» **REQUIREMENT**: Where a line of the data below has the string "Prescott", copy that line.

─── INPUT DATA ───

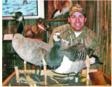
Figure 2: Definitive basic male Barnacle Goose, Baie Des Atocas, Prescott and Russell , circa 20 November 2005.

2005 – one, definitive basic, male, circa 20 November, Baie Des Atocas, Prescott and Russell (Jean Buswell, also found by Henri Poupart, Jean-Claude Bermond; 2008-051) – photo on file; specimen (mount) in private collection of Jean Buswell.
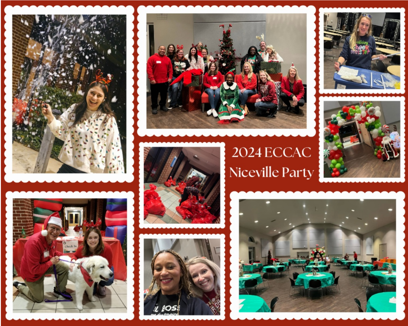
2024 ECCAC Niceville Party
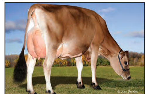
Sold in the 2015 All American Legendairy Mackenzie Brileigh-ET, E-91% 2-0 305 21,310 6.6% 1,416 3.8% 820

───

» **ANSWER TO THE PROBLEM**:
Figure 2: Definitive basic male Barnacle Goose, Baie Des Atocas, Prescott and Russell , circa 20 November 2005.
2005 – one, definitive basic, male, circa 20 November, Baie Des Atocas, Prescott and Russell (Jean Buswell, also found by Henri Poupart, Jean-Claude Bermond; 2008-051) – photo on file; specimen (mount) in private collection of Jean Buswell.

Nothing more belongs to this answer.